В своей работе убийства общество как бы слилось в одно целое с жарой, изнуряющей на походе, с солнцем, обезображивающим трупы, со снегом, засыпающим в горах колонны беженцев («Снега Килиманджаро»), с болезнями и «ловушками физиологии» («Прощай, оружие!»). Было уже просто неприлично верить в то, что общество есть соединенная сила людей, защищающая каждого из них от разрушительных и смертоносных природных процессов. Куда более убедительным казался противоположный вывод: общество вступило в сговор со всеми силами, разрушающими жизнь человека и других крупных млекопитающих. На одной стороне оказались люди, лошади, мулы, на другой — холода, зной, грязь, болезнетворные бактерии, пулеметы, гаубицы, войсковые соединения разных размеров и многочисленные институты, поддерживающие «естественный ход событий».
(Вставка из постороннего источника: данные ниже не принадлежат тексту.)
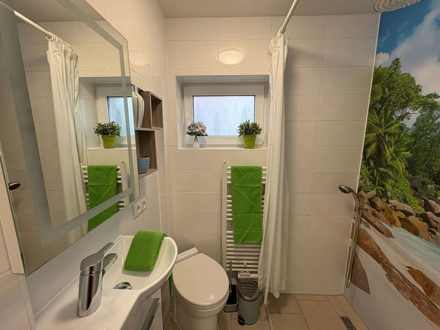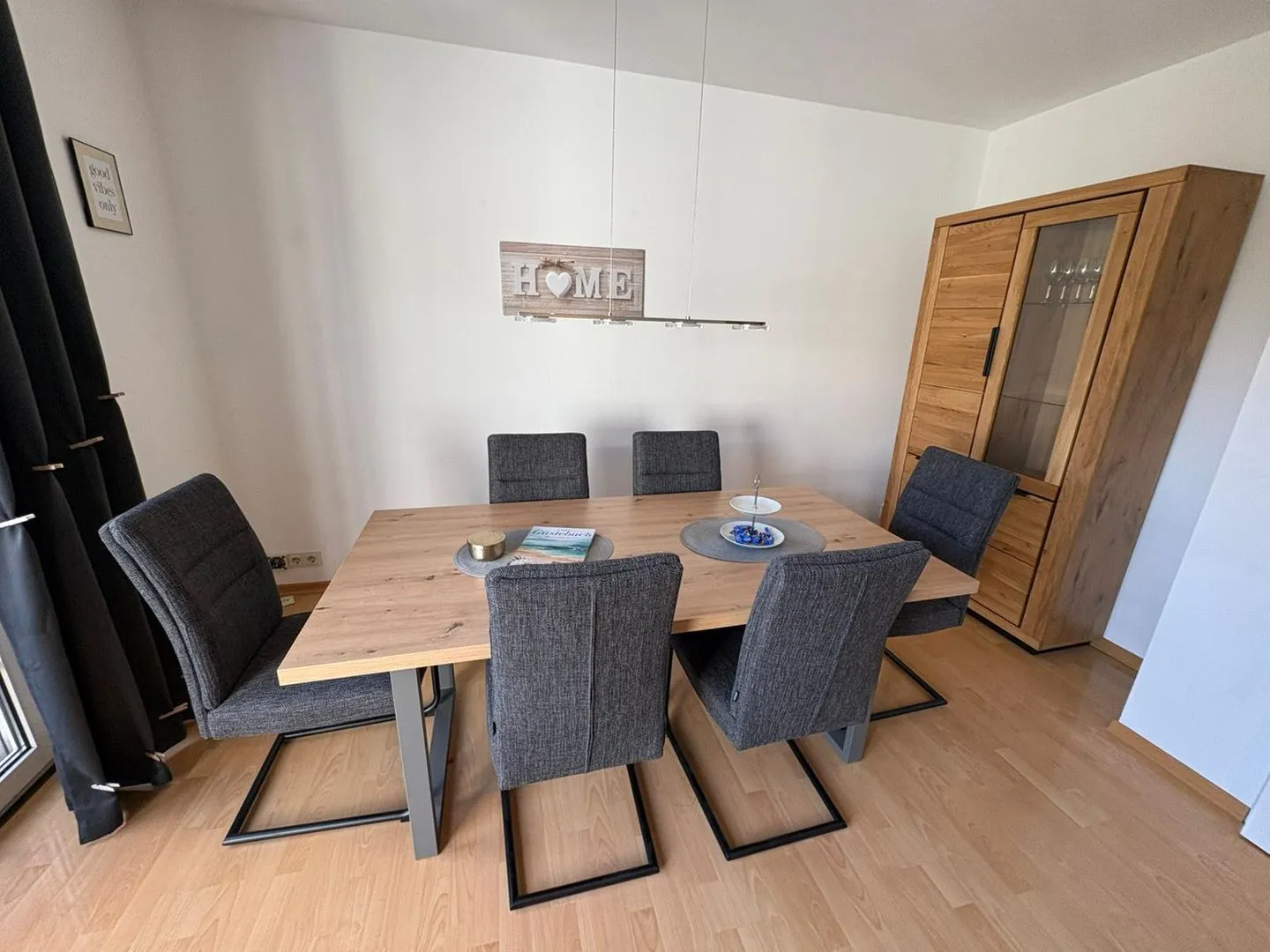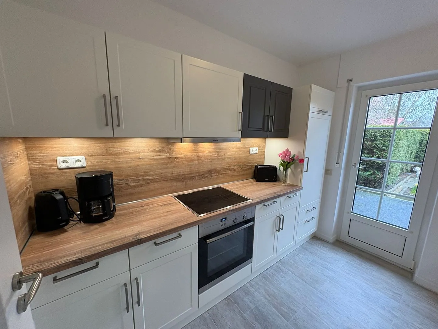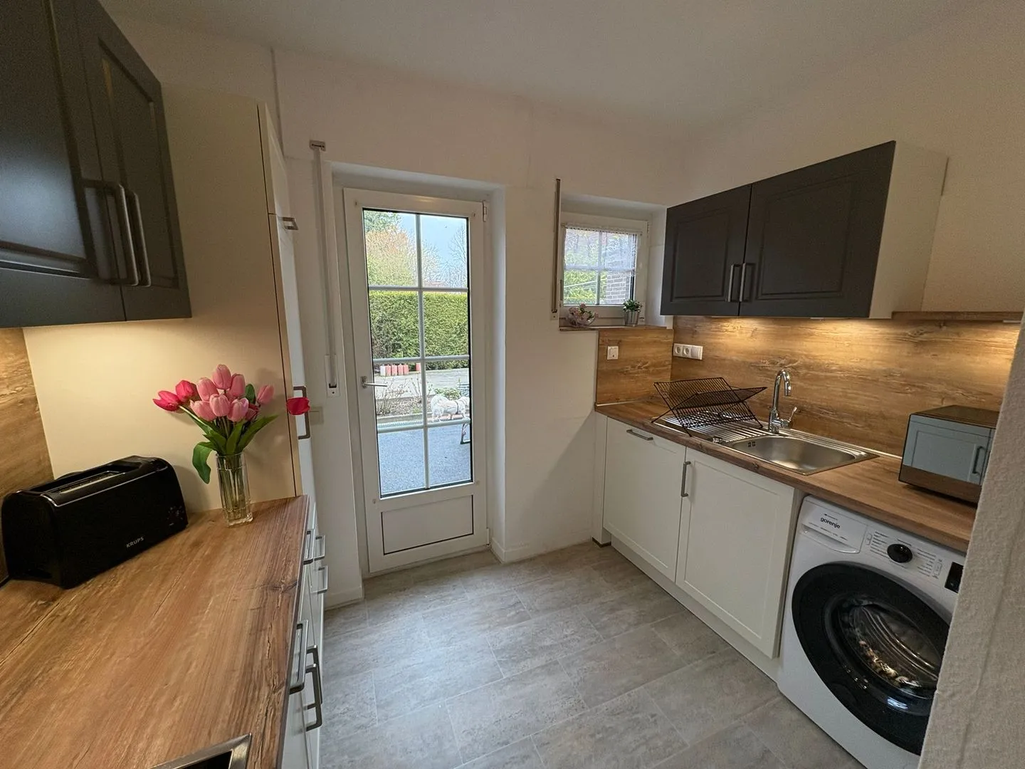 Für den Alltag ist die Ausstattung vielseitig: Zur Küchenzeile gehören Herd, Backofen, Mikrowelle, Kühlschrank mit Gefrierfach sowie eine Spülmaschine. Kaffee- und Teemaschine, Wasserkocher, Toaster und weitere Küchenutensilien stehen ebenso bereit wie Geschirr und Besteck. Im Haus sind zudem Waschmaschine (Eigennutzung), ein Wäseständer sowie ein Staubsauger vorhanden. Annehmlichkeiten wie TV, Internet und WLAN sind ebenfalls verfügbar; die Internetgeschwindigkeit liegt bei ab 25 MBit/s (z. B. VDSL). Praktisch ist der kontaktlose Check-in und Check-out. Für die Sicherheit sind Rauch- und Feuermelder vorhanden.

Не было сомнения в том, что все орудия войны приводятся в действие людьми, но не было сомнения и в том, что миллионы солдат, которые образуют войсковые соединения и заставляют действовать пулеметы и гаубицы, вовсе не имеют желания убивать. Участники первой мировой войны, как никогда остро, переживали ощущение, испытанное, по-видимому, свидетелями некоторых прошлых войн и точно переданное Толстым: «Одна мысль за все это время была в голове Пьера… Кто же это, наконец, казнил, убивал, лишал жизни… И Пьер чувствовал, что это был никто. Это был порядок, склад обстоятельств».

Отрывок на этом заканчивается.